7. The method of any one of claims 1 to 6, wherein the anoxic expanded bed arrangement comprises a feed tank, an anoxic expanded bed reactor and a nitrogen purge system,

8. The method according to claim 7, wherein the anoxic expanded bed device further comprises an ultrasonic cleaning device, the ultrasonic cleaning device comprises an ultrasonic probe, an ultrasonic transducer and an ultrasonic controller, the ultrasonic probe, the ultrasonic transducer and the ultrasonic controller are sequentially connected, the ultrasonic probe is arranged near the water outlet of the anoxic expanded bed reactor, and preferably the ultrasonic probe is arranged outside the water outlet filter screen.
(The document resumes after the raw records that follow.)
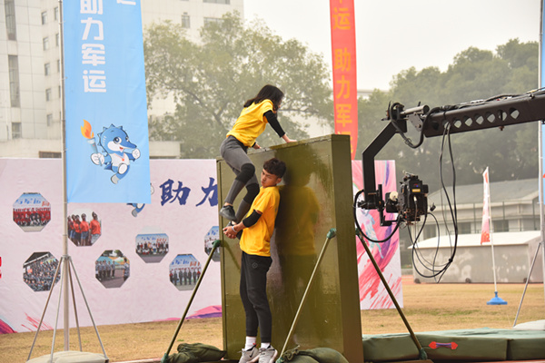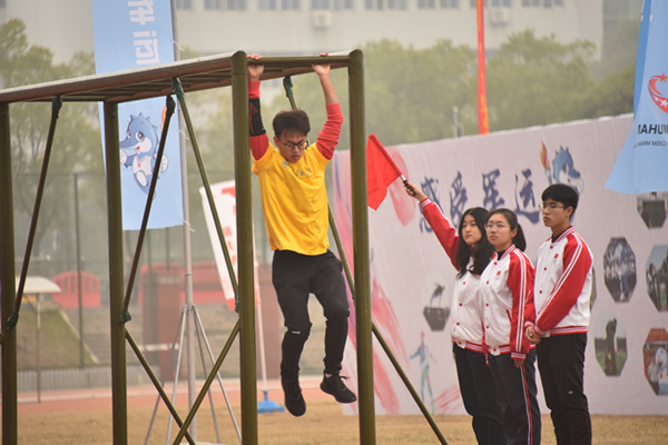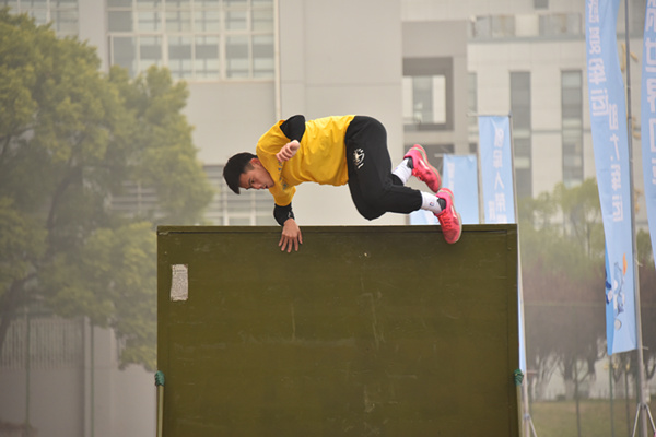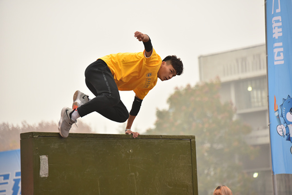 比赛形式为障碍接力,各校5名运动员一组。每名运动员须跑步通过9个障碍关卡,从第1名运动员起跑至最后1名运动员到达终点,用时最短者获胜进入决赛。男女运动员可协作完成比赛。赛场上,运动健儿们激情飞扬、奋力拼搏,主持人追踪播报比赛进程,场下观众热血澎湃,奋力呐喊,整个场面热闹非凡。我校5名运动员于A组2号出场,4名男运动员紧张刺激地完成比赛项目,当最后1名女运动员轻松跨过了前面的障碍后,由男运动员协助跨越了高板跳台和高墙,展现了体育竞技中的互帮互助精神。最终,我校代表队以3秒之差惜败于中国地质大学,止步半决赛。最终成绩4分18秒,位列小组第二。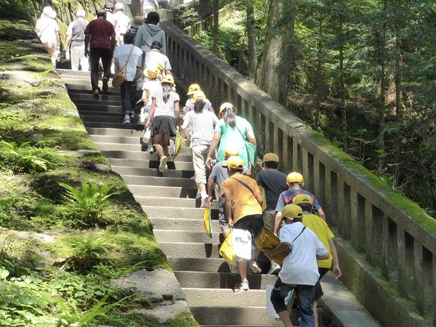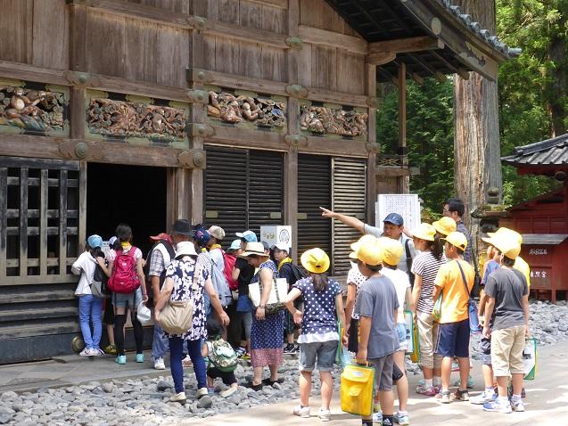 五重塔、三猿で有名な神輿舎を見学した後、陽明門、本社、そして坂下門の眠り猫の下を通り200段以上の階段を昇って奥宮を見学しました。男子児童は、昇るときも戻るときも、それぞれが口々に階段数を数えていました。その後、本地堂で鳴龍を体験し、上神庫の想像の象等を見学し、足尾方面に向かいました。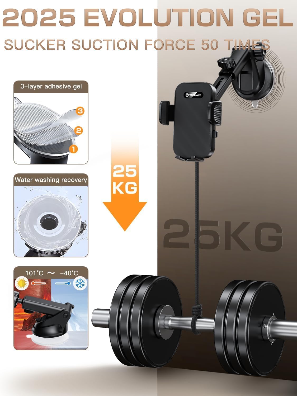 Topmake Car Phone Holder Mount,【2025 Upgrade】 3-in-1 Cell Phone Holder for Car, Dashboard Windshield, Suction Cup Hands-Free Car Phone Stand, Automobile Cradles Universal,Black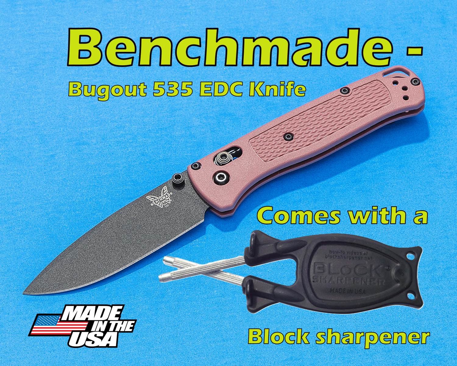 Bones, when you order this Benchmade Bug out knife you can add up to 6 more all black, Block knife sharpeners at discount price or add a key chain knife.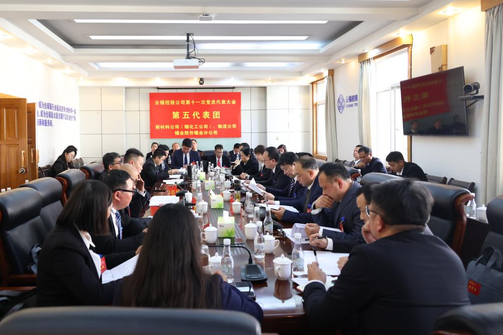 由新材料公司(錫化工公司)、物流公司、錫業股份錫業分公司黨員代表組成的第五代表團在四樓一會議室展開熱烈討論。控股公司黨委常委、副總經理吳君,紀委書記、省監委派駐云錫監察專員蘭菊參加討論,聽取黨員代表意見建議。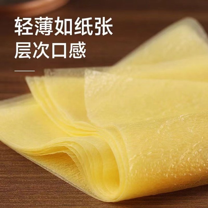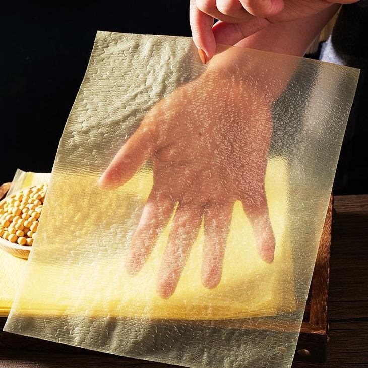 头层薄腐皮因其独特的口感和吸味能力,在烹饪中有着广泛的应用。 无论是简单的凉拌、炒菜,还是复杂的炖煮、火锅,都能完美融合其中。 特别是在制作响铃卷、腐竹等特色菜肴时,头层薄腐皮更是不可或缺的重要材料。 此外,头层薄腐皮还非常适合创新料理。 它能够轻易包裹各种馅料,做成各式各样的卷类食物,不仅美观,而且口感丰富。 无论是家庭聚会还是朋友聚餐,头层薄腐皮都能轻松驾驭,成为餐桌上的亮点✨✨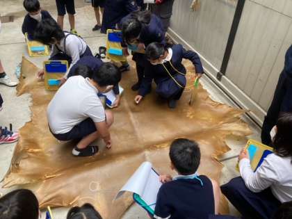 実際に太鼓に使われる皮の検品作業をさせてもらうことができました。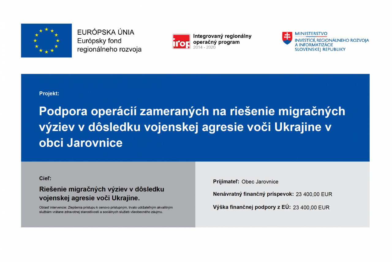 Obec Jarovnice bola úspešná vo výzve IROP-PO9-SC91-2023-108 - Podpora operácií zameraných na riešenie migračných výziev v dôsledku vojenskej agresie voči Ukrajine a získala nenávratný finančný príspevok vo výške 23 400, 00 Eur.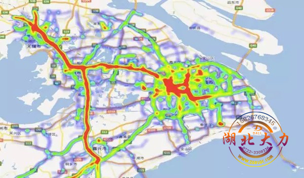 這是一天之內(nèi)車輛的流動密度情況。大家看到里面有非常大的兩條紅線,這兩個紅線意味著非常多的車,非常多的火車要經(jīng)過這兩條線。中間這一塊紅的,意味著非常多的車在這個區(qū)域里。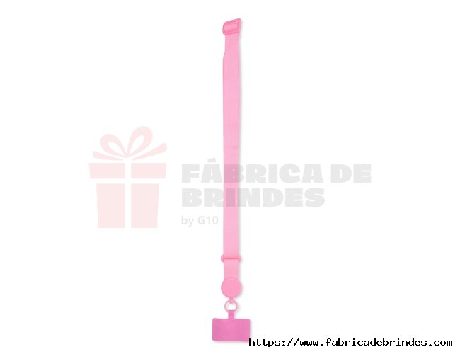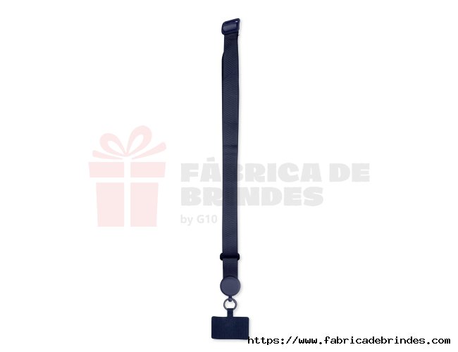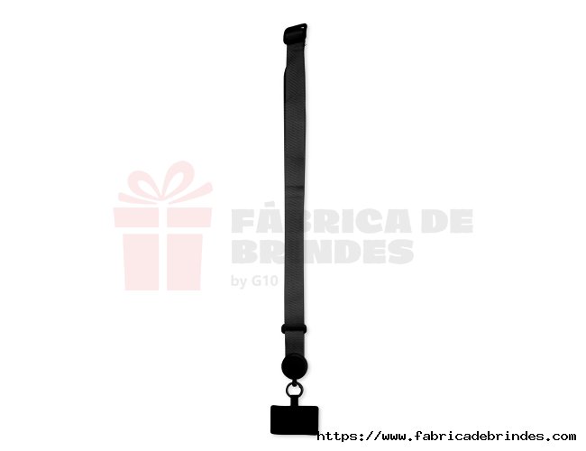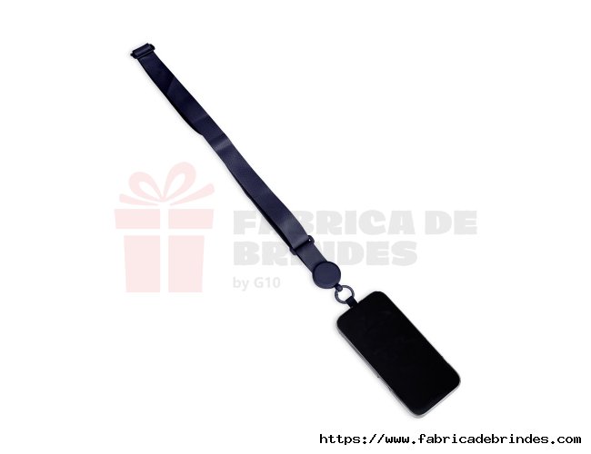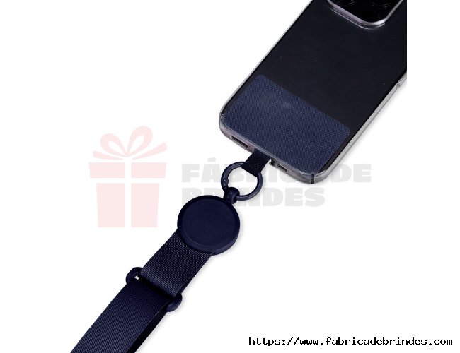 Cordão com alça ajustável para celular feito em poliéster. O acessório é fixado a um cartão retangular que se encaixa na parte interna da capa do celular, próximo à entrada de carregamento USB. Personalização inclusa.
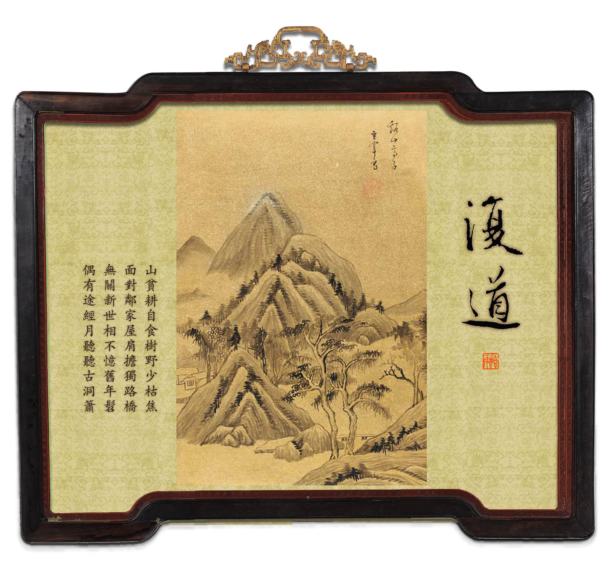 所藉据传明 · 董其昌《书画合璧山水小景(十二帧)之七 · 溪山亭子》,册页绘画,绫本,纵 38.5 厘米,横 26.0 厘米。

9. The method as claimed in claim 7 or 8, wherein the anoxic expanded bed device further comprises a heating device, the heating device comprises a reactor jacket, a heater and a heating pump, the reactor jacket is sleeved outside the supporting layer and the filler region, the bottom end of the reactor jacket is provided with a hot water inlet, and the upper end of the reactor jacket is provided with a hot water outlet; the hot water inlet is connected with one end of the heater through the heating pump, and the hot water outlet is connected with the other end of the heater;

and/or the three-phase separator comprises a central pipe and a cover body, wherein the cover body comprises an upper cover body and a lower cover body, and the upper cover body and the lower cover body are connected through a connecting piece and form an overflowing channel; the upper cover body and the lower cover body are in an inverted funnel shape, and the necking end of the upper cover body is connected with the central pipe.

10. The process according to any one of claims 7 to 9, wherein the cross-sectional area of the packing section is smaller than the cross-sectional area of the effluent section, preferably the cross-section of the anoxic expanded bed reactor is circular, and the transition section gradually increases in diameter from bottom to top.